In the wake of the industry’s transition to DevOps and cloud engineering, infrastructure as code is gaining traction as more organizations begin to define objects, assets, services and other cloud configuration items in IaC templates.
All the major cloud service providers (CSPs) offer IaC services and template formats, including AWS CloudFormation, Azure Resource Manager and Google Cloud Deployment Manager. Cloud-neutral products and services are also available from suppliers such HashiCorp and Pulumi.
For all their benefits, however, IaC templates can be exploited by malicious hackers and other threat actors. As security teams incorporate security controls into the DevOps pipeline, IaC security scanning is becoming more commonplace. Scanning enables teams to detect and remediate potential security issues or policy violations before templates are instantiated into runtime environments.
IaC security scanning features
To be successful, IaC scans should address a number of common use cases, including the following:
- Uncovering known platform vulnerabilities.

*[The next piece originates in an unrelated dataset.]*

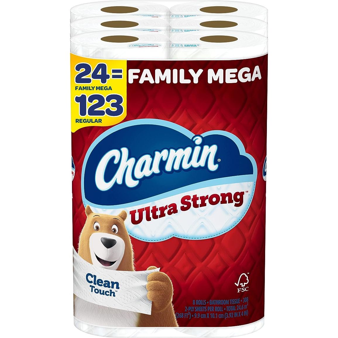 Introducing the Charmin Ultra Strong Toilet Paper Mega Roll pack, containing 24 Family Mega Rolls with a whopping 308 sheets per roll. With its washcloth-like texture, Charmin Ultra Strong offers a premium cleaning experience like no other. This toilet paper is engineered to be 4 times stronger when wet, ensuring that your hands and hiney stay impeccably clean. Unlike some bargain brands, Charmin Ultra Strong is made with a diamond weave texture that guarantees exceptional cleaning without compromising softness. Say goodbye to wasting unnecessary sheets, as Charmin cleans better with fewer sheets and less effort. Plus, with 25% more sheets per roll compared to the Charmin Mega Roll, the Family Mega Roll lasts even longer. Choose Charmin Ultra Strong for a superior clean that allows you to use less toilet paper. Invest in quality and experience the difference today.

A wide range of vulnerabilities have been uncovered in IaC platforms, open source libraries and packages used in container and Kubernetes deployments. Many IaC scanners can assess all three, looking for potential issues exploited in containers, VM images and IaC services. Increasingly, IaC scanning can be integrated with other vulnerability scanning tools and reporting mechanisms.
- Detecting configuration errors. Configuration errors in cloud assets and services are a common problem. IaC security scanning can identify scenarios where cloud deployments introduce vulnerabilities in the cloud fabric, such as overly permissive identity policies, accidental exposure of assets and services to the internet, and poor network isolation. Leading IaC scanners can also help align configuration settings with industry standards such as Center for Internet Security benchmarks, CSP recommendations and specifications from NIST and others, as well as internal requirements set by security teams.
- Centralizing security policy management for cloud deployments. All leading scanning tools cover the major CSPs, which helps centralize security policy and enforcement across diverse environments found in large multi-cloud deployments.
- Identifying exposed secrets and sensitive data. Many IaC templates include references to access keys, cryptographic keys and information, and credentials involved in cloud service deployments. In keeping with policy definitions, IaC scanning should identify where credentials and secrets are potentially exposed, enabling DevOps and security teams to better protect them.
- Reporting. Consistent IaC security scanning expands and enhances an organization’s vulnerability management reporting capabilities — especially when it enables continuous, automated analysis of deployments across different CSP environments. Many organizations integrate IaC scan results and alerting into change management and cloud governance workflows.
IaC security scanning tools to consider
Security teams can take advantage of a wide variety of IaC security scanning tools and vendors. Some are open source and free; others are commercially available with a diverse set of integration and reporting options. Some options include the following:
- Palo Alto Networks Prisma Cloud and Checkov as a standalone scanner.
- Snyk IaC.
- PingSafe.
- Sysdig.
- Tfsec.
- TFLint.
- Terrafirma.
- Tenable Cloud Security, formerly Tenable.cs.
- Aqua Security.
- Terrascan.
- Checkmarx.
To find the best tool for your team’s needs, examine IaC security scanning options by considering cost, coverage across CSP environments and services, integration with other security and observability tools, automation through APIs and reporting capabilities. Ideally, you should integrate IaC scanning tools into the DevOps pipeline and ensure they keep pace as CSP environments change.